**TASK TO CARRY OUT**
What follows is a listing to transcribe exactly, leaving the pictures out.

**EXTRACTED ENTRIES**
[Start of section]
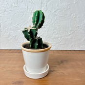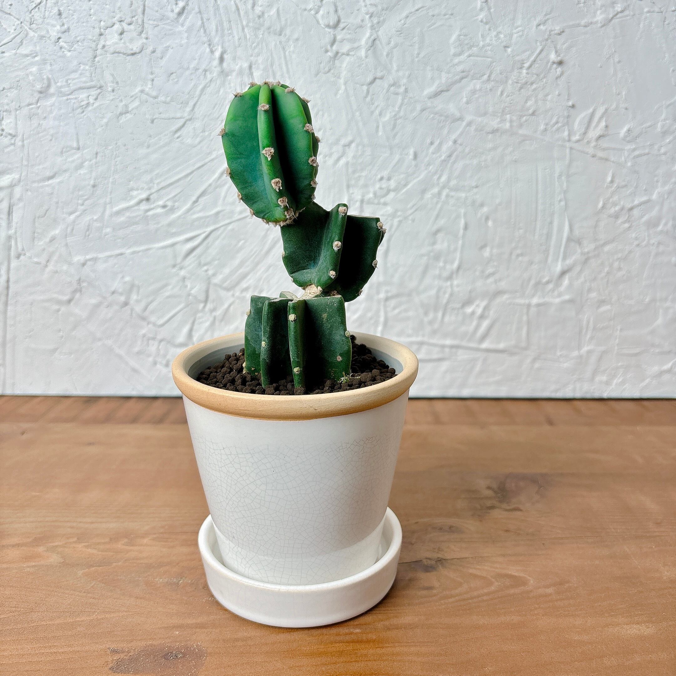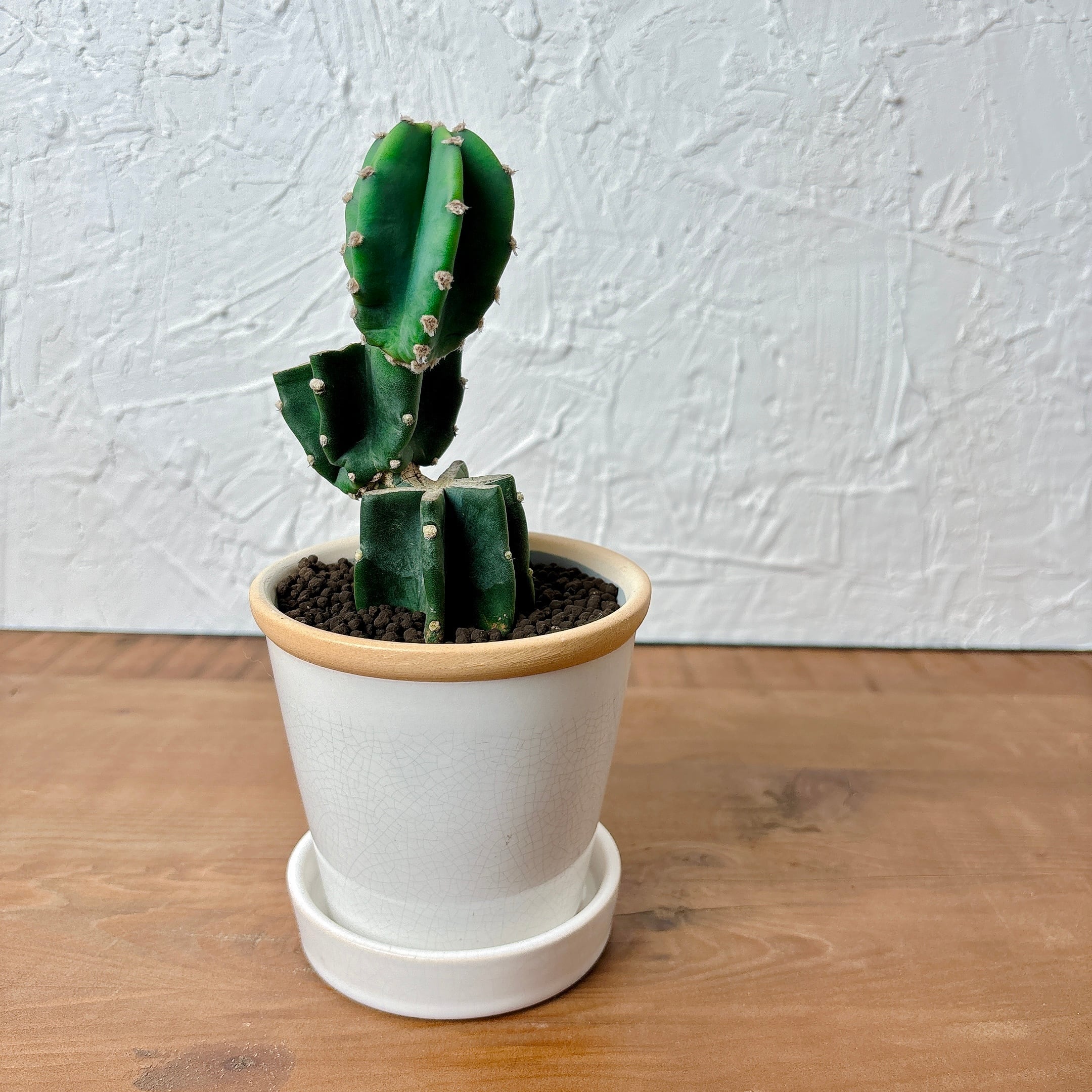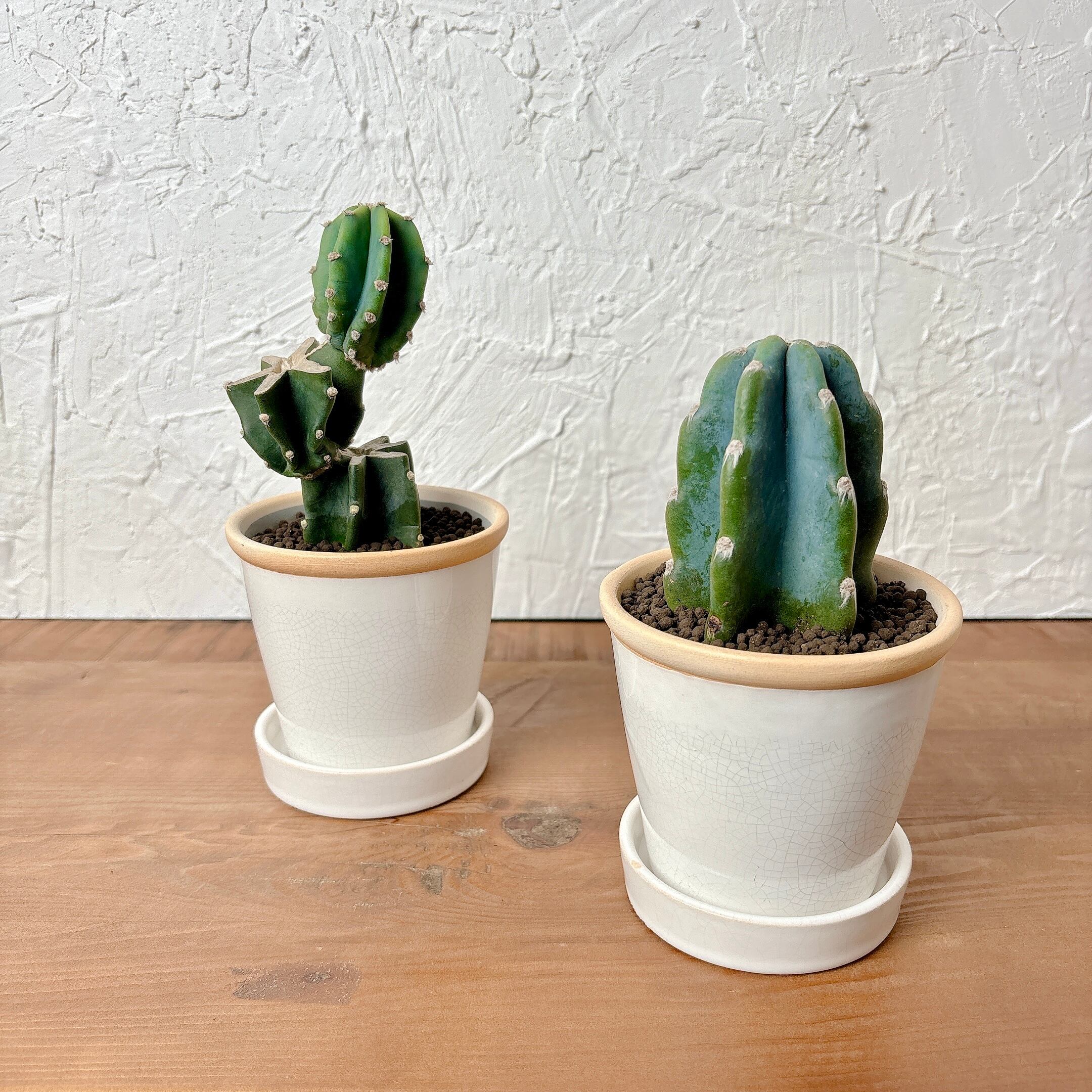 サボテンの緑が映えるシンプルな白陶器鉢を合わせました
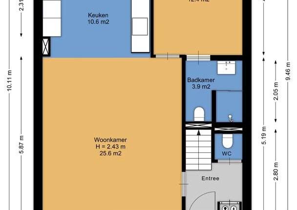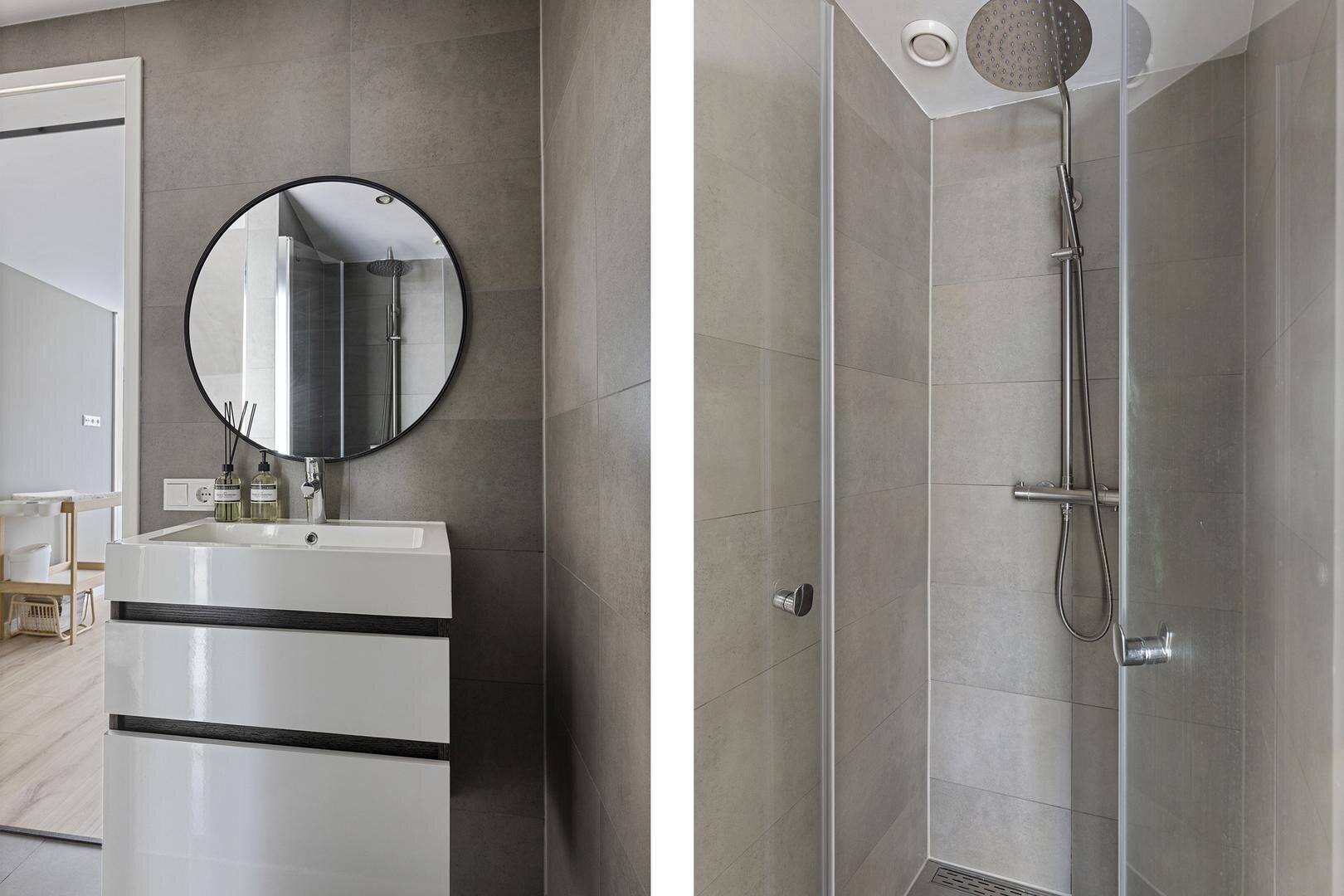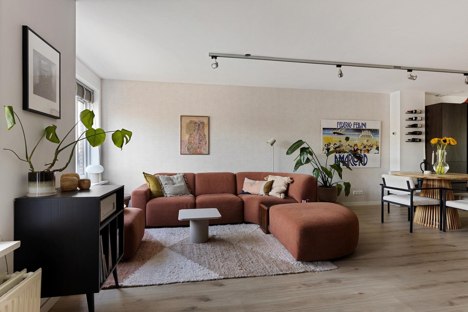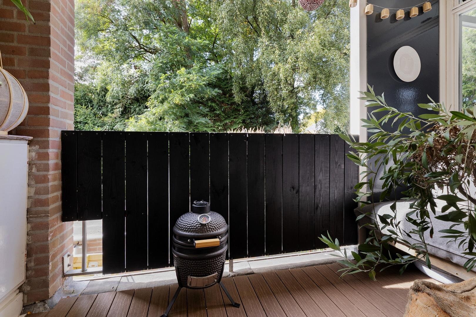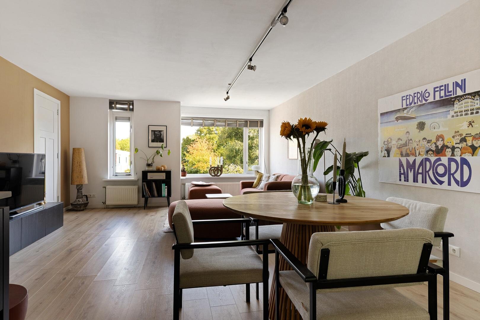 1e verdieping: entree / hal met meterkast, modern toilet en trapopgang, woonkamer (ca. 26 m2) met veel lichtinval, open keuken (ca. 11 m2) met een moderne, luxe keuken (2023) voorzien van diverse inbouwapparatuur, aansluitend het balkon aan de achterzijde op het zuid westen georiënteerd, ruime kamer (ca. 12 m2) welke multifunctioneel te gebruiken is (slaapkamer / speelkamer / werkplek enz), aansluitend aan deze kamer de gemoderniseerde badkamer (met 2e toilet, inloopdouche en wastafelmeubel)
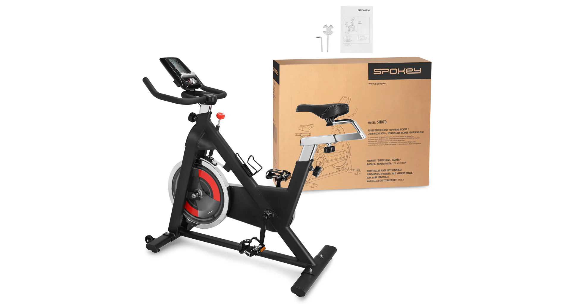 Spinningové kolo SPOKEY SHOTO je kvalitní cyklotrenažér určený pro intenzivní domácí trénink. Kolo bylo vytvořeno s myšlenkou na uživatele, kteří hledají nejvyšší kvalitu a moderní vzhled fitness vybavení. Kolo si přizpůsobíte vašim potřebám díky možnosti nastavení výšky řídítek a sedadlo nastavitelné vertikálně i horizontálně! Maximální nosnost kola je 120 Kg.
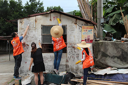 环保小队拿上刷子、小桶及铲子,分工合作,主要对社区街巷的站牌、路边灯柱上印制、粘贴的小广告等“牛皮癣”顽症进行集中清除。每刷一堵墙,义工们的手臂上、头上都沾上了刷掉下的纸屑。由于天气比较热,刚清理完一段告示牌和灯柱,大家已经满头大汗,但是挥动刷子的频率丝毫没有降低。刷子刷不掉的“牛皮廯”,义工们直接用手去撕下来。近一个小时的辛勤劳动后,梁金山社区市场两旁的牛皮廯被清理干净,墙壁和灯柱终于干净了。
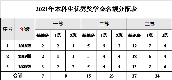 根据学校划拨的优秀学生奖学金名额,学院名额分配如下:
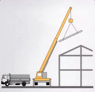 両方のフックが互いに逆方向に動作するツルベ構造。長尺資材も安全に反転します。
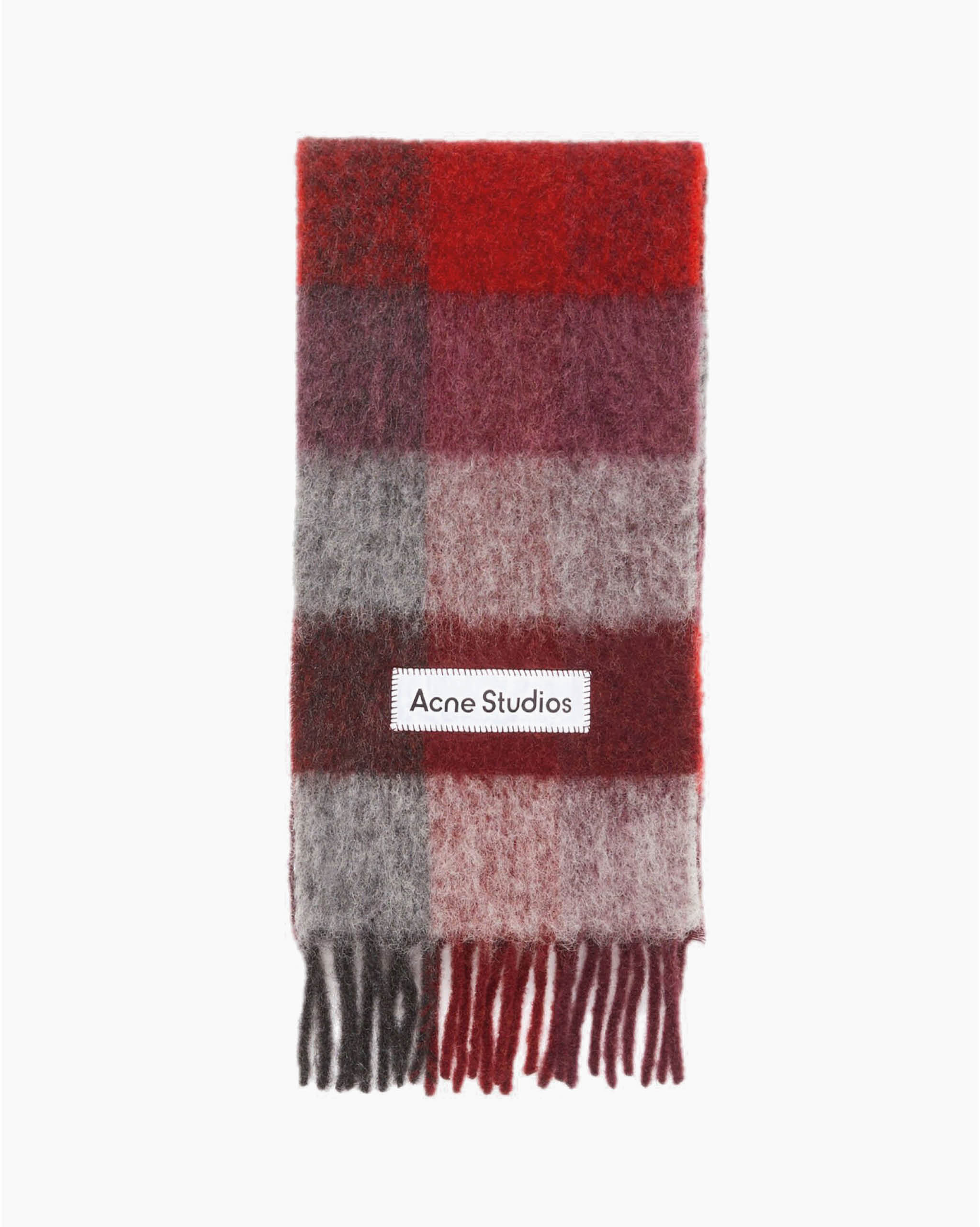 Acne Studios checked scarf made of a soft mohair blend with fringed ends. Detailed with an Acne Studios embroidered logo. Crafted from carefully selected material known for its soft and hairy fibres
[End of section]
**EXERCISE ANSWER**
 サボテンの緑が映えるシンプルな白陶器鉢を合わせました
 1e verdieping: entree / hal met meterkast, modern toilet en trapopgang, woonkamer (ca. 26 m2) met veel lichtinval, open keuken (ca. 11 m2) met een moderne, luxe keuken (2023) voorzien van diverse inbouwapparatuur, aansluitend het balkon aan de achterzijde op het zuid westen georiënteerd, ruime kamer (ca. 12 m2) welke multifunctioneel te gebruiken is (slaapkamer / speelkamer / werkplek enz), aansluitend aan deze kamer de gemoderniseerde badkamer (met 2e toilet, inloopdouche en wastafelmeubel)
 Spinningové kolo SPOKEY SHOTO je kvalitní cyklotrenažér určený pro intenzivní domácí trénink. Kolo bylo vytvořeno s myšlenkou na uživatele, kteří hledají nejvyšší kvalitu a moderní vzhled fitness vybavení. Kolo si přizpůsobíte vašim potřebám díky možnosti nastavení výšky řídítek a sedadlo nastavitelné vertikálně i horizontálně! Maximální nosnost kola je 120 Kg.
 环保小队拿上刷子、小桶及铲子,分工合作,主要对社区街巷的站牌、路边灯柱上印制、粘贴的小广告等“牛皮癣”顽症进行集中清除。每刷一堵墙,义工们的手臂上、头上都沾上了刷掉下的纸屑。由于天气比较热,刚清理完一段告示牌和灯柱,大家已经满头大汗,但是挥动刷子的频率丝毫没有降低。刷子刷不掉的“牛皮廯”,义工们直接用手去撕下来。近一个小时的辛勤劳动后,梁金山社区市场两旁的牛皮廯被清理干净,墙壁和灯柱终于干净了。
 根据学校划拨的优秀学生奖学金名额,学院名额分配如下:
 両方のフックが互いに逆方向に動作するツルベ構造。長尺資材も安全に反転します。
 Acne Studios checked scarf made of a soft mohair blend with fringed ends. Detailed with an Acne Studios embroidered logo. Crafted from carefully selected material known for its soft and hairy fibres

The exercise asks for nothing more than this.